O movimento é forte o suficiente para lutar contra as adversidades externas e, ao mesmo tempo, lidar com as internas?

Não temos escolha a não lidar com ambas – e nisso estamos. O momento de crise que tornou possível nosso próprio crescimento e a nossa própria radicalização é o mesmo que tornou possível o crescimento e a radicalização da direita. Estamos oferecendo nosso movimento como alternativa. Temos um vácuo de liderança política. Os principais partidos estão em colapso, as pessoas buscam uma mudança, há muitos atores que entram nesse vácuo e oferecem propostas diferentes. Precisamos estar aí, oferecendo as nossas alternativas. É claro que teremos que lutar contra aqueles que têm outras, mas somos fortes e estamos crescendo. Não vejo por que não temos uma boa chance.

Como você percebe a evolução política dessa direita (e da extrema direita) e a composição social da atual situação eleitoral na Espanha?

Eu não deveria falar sobre o Vox (partido de extrema direita espanhol) porque eu não o conheço muito. Mas eu poderia dizer muito sobre [Donald] Trump e o que possibilitou sua vitória: o neoliberalismo “progressista”. É a aliança do capitalismo simbólico — Wall Street, Vale do Silício e Hollywood — com parte dos novos movimentos e uma esquerda que agora querem reforçar o projeto neoliberal agitando o medo de um fascismo iminente e ameaçador, que em sentido estrito ainda não é real. O capital financeiro precarizou o trabalho, destruiu os sindicatos e reduziu os salários, destruindo os padrões de vida da classe trabalhadora. As pessoas disseram que não queriam mais esse modelo. Em 2016, nos Estados Unidos, havia apenas duas opções: elas escolheram Trump. Não foi uma boa opção. Mas Hillary Clinton também não era, representava a continuidade com as forças neoliberais “progressistas”, as mesmas que desencadearam o cenário atual de profunda crise social.

A estratégia agora é tentar recuperar extratos importantes das classes trabalhadoras que sentiram-se atraídas por Trump nos Estados Unidos ou pelo Vox aqui na Espanha, ou por qualquer outro partido de direita ou de extrema direita. Não creio que devamos descartá-los e dizer que estes extratos se perderam para sempre. Ao contrário: eles têm de fazer parte de uma massa antissistema, um movimento anticapitalista que incluia o feminismo para os 99%, os movimentos operários, ambientalistas, anti-racistas, em defesa dos migrantes, reprodução social e as classes trabalhadoras. Se não tivermos uma alternativa, é claro que parte desses grupos sociais caminhará politicamente à direita. Mas a pegunta é: por que devemos à direita o monopólio das grandes ideias de mudança?

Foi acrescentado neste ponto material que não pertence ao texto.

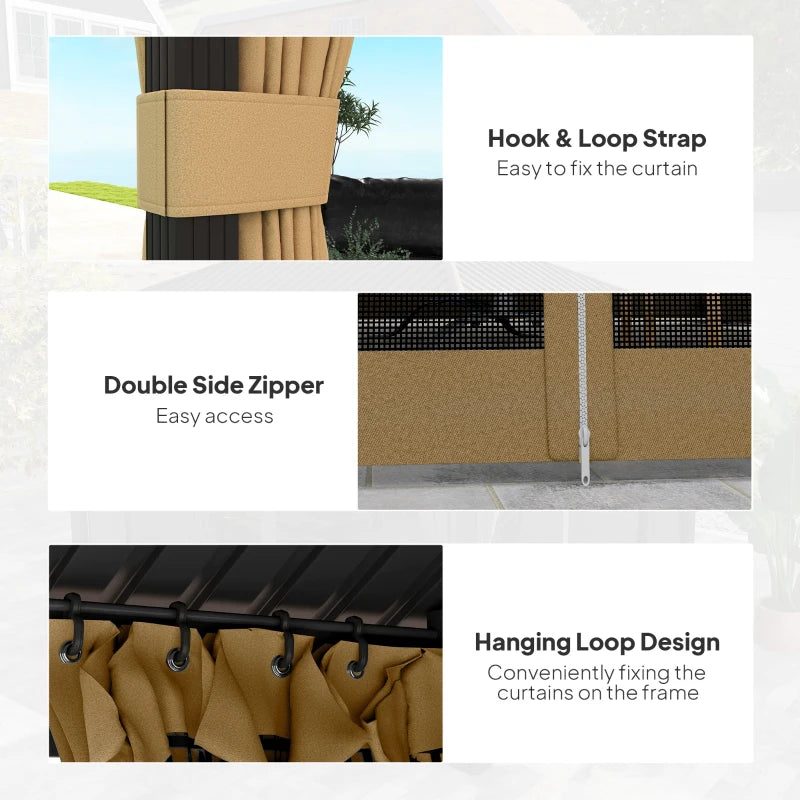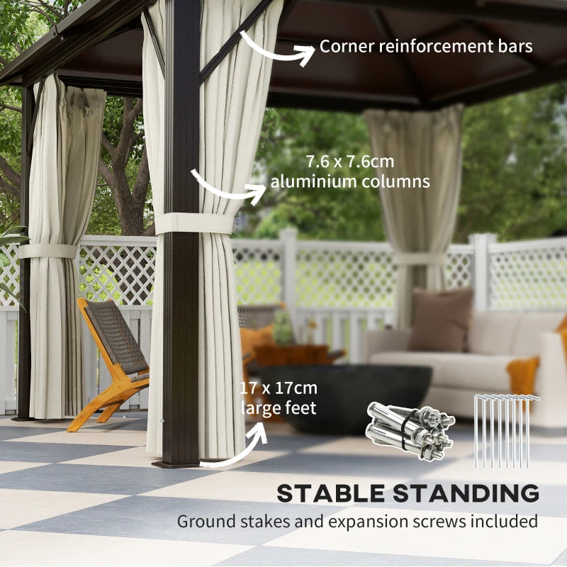 Outsunny 3 x 3(m) Metal Hardtop Gazebo, with Curtains and Accessories - Brown
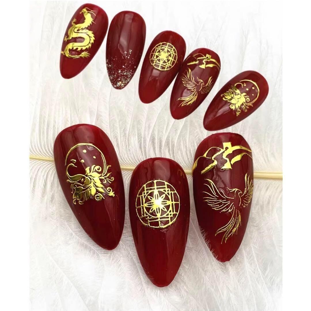 NT686 ネイルシール 龍 ドラゴン ギャル 成人式 いかつい 強め 中国 金
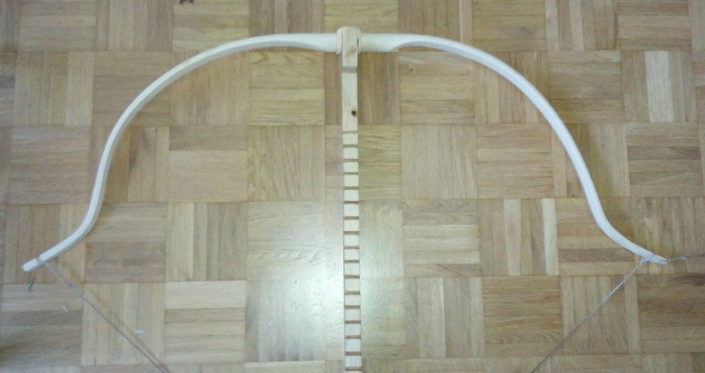 Die Erste Anleitung nach der ich mich gerichtet habe war auch ein asymmetrischer Bogen (zumindest leicht asymmetrisch), was es wohl nicht gerade einfacher gemacht hat. Nächstes Mal schön beide Wurfarme gleich lang.
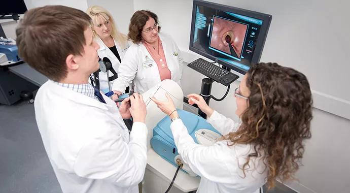 The endoscopy simulator is introduced to fellows during the early stages of training. Its simulated environment permits learners to acquire knowledge and build a framework of basic skills through repetitive practice of relevant tasks with the aim of better preparing novices for patient-based training. Trainees are able to rehearse psychomotor and perceptual skills in a risk-free environment so that they attain some degree of proficiency before performing endoscopy in the clinical setting.
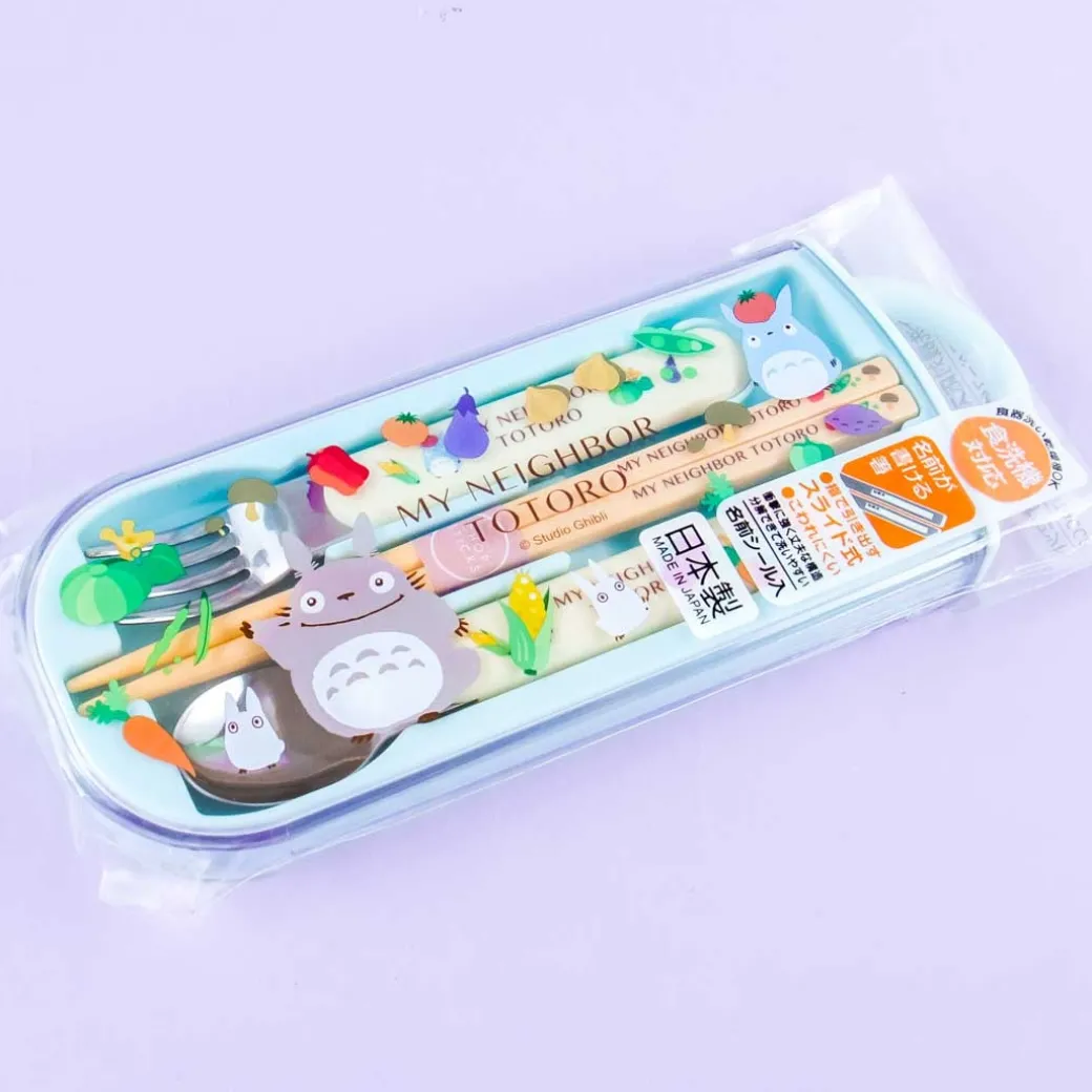 - A super cute utensil set illustrated with prints of My Neighbor Totoro characters together with vegetables
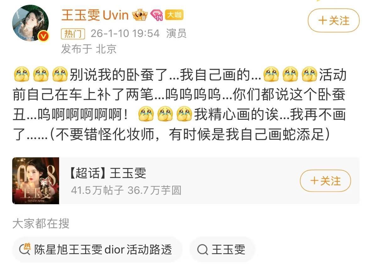 更没想到的是,她本人其实亲自参与了当天的补妆。原来那套妆容并不是完全由化妆师完成的,而是在去活动的路上,她在车上自己随手加了两笔——重点就是那对惹争议的卧蚕。她本以为是点睛之笔,结果成了众矢之的。
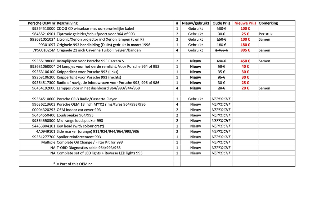 Bericht PRIJSVERLAGING : Nieuwe/gebruikte onderdelen 964 993 Cayenne
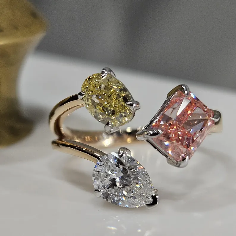 Bague de fiançailles et de mariage en or massif 14 carats avec trois diamants de laboratoire de 2,62 carats, style arbre multi-formes, cadeau d'anniversaire.
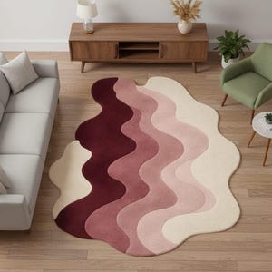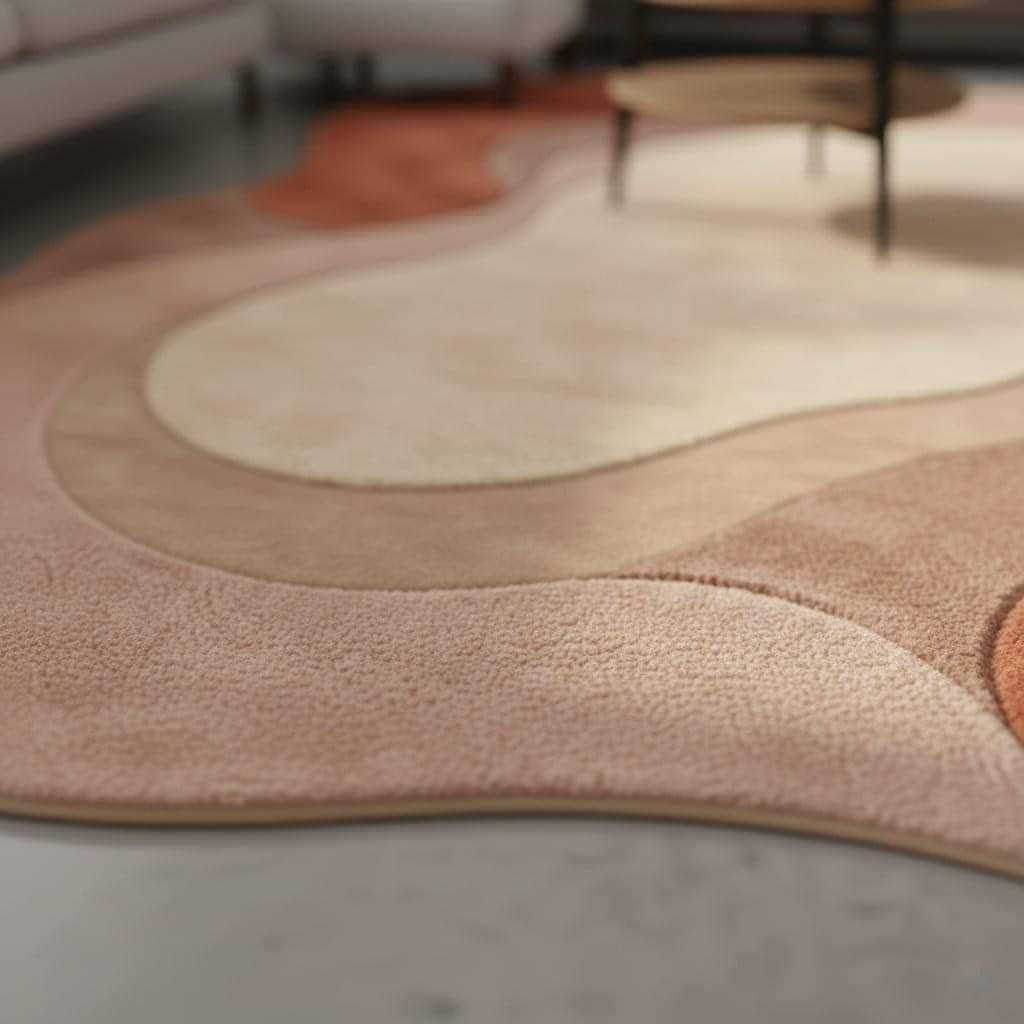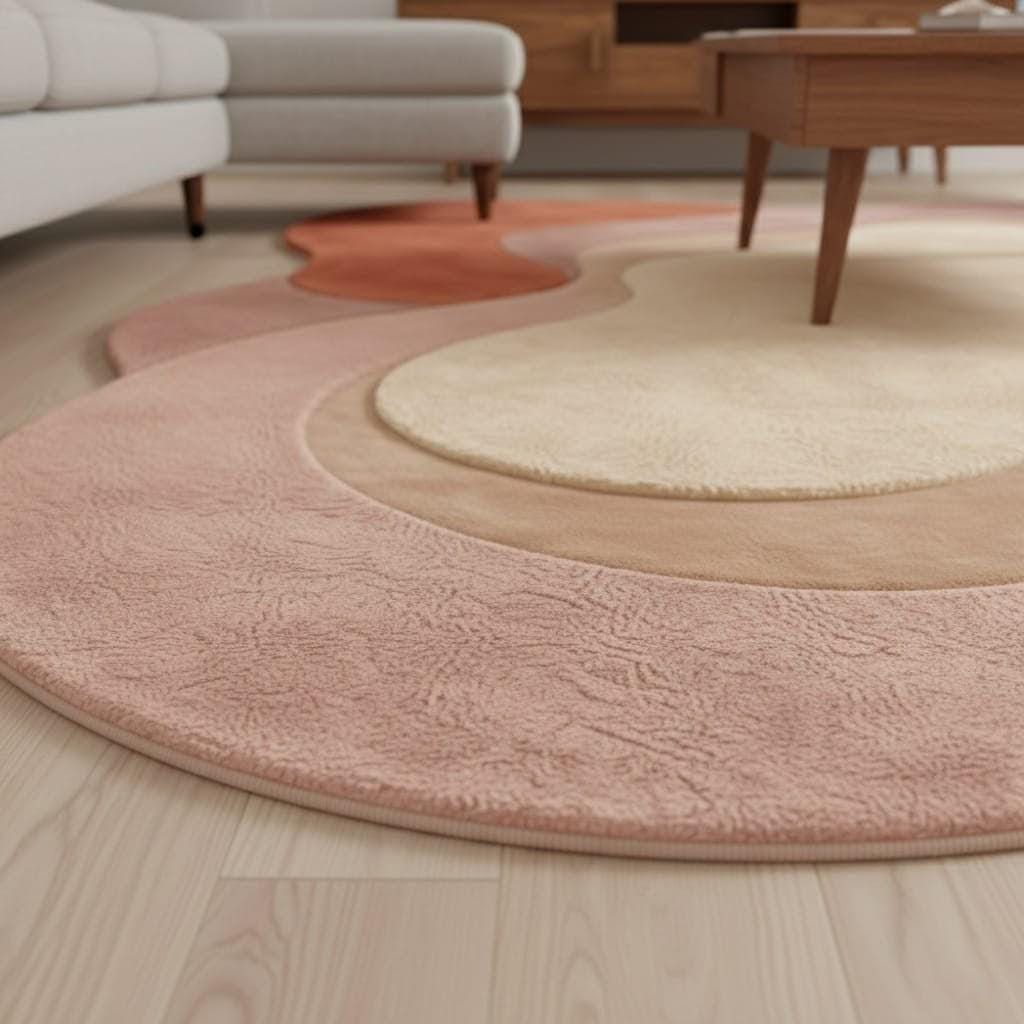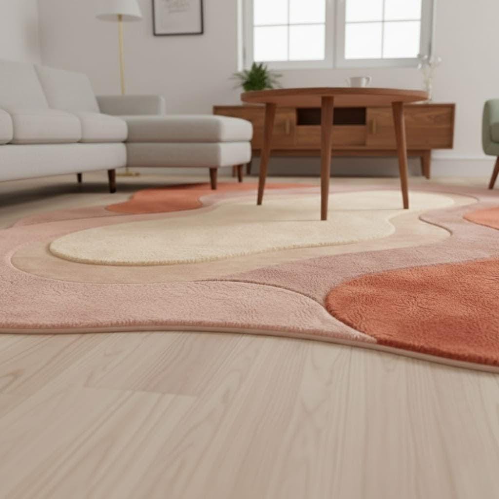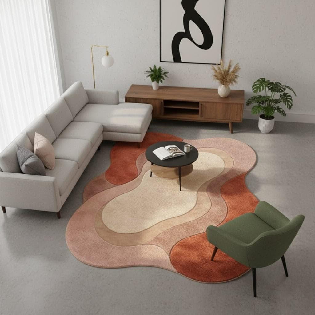 Upgrade your space with this modern abstract irregular shape rug, designed as a true piece of sculptural floor art. Featuring layered organic curves in warm terracotta, blush pink, beige, and cream tones, this contemporary rug brings softness, depth, and movement to any living space.

Poderia um movimento feminista produzir uma ruptura nessa paisagem política?

Não acho que o feminismo possa fazê-lo por si só, mas eu penso que, por razões conjunturais, é a força mais visível, crescente e radical que vemos. Mas tem que se aliar às correntes anti-sistema de outros movimentos sociais e aos partidos de esquerda que estão em cena e abertos para expandir sua ideia da luta da classe trabalhadora, rejeitar o dogmatismo sectário e colocar as mulheres no centro.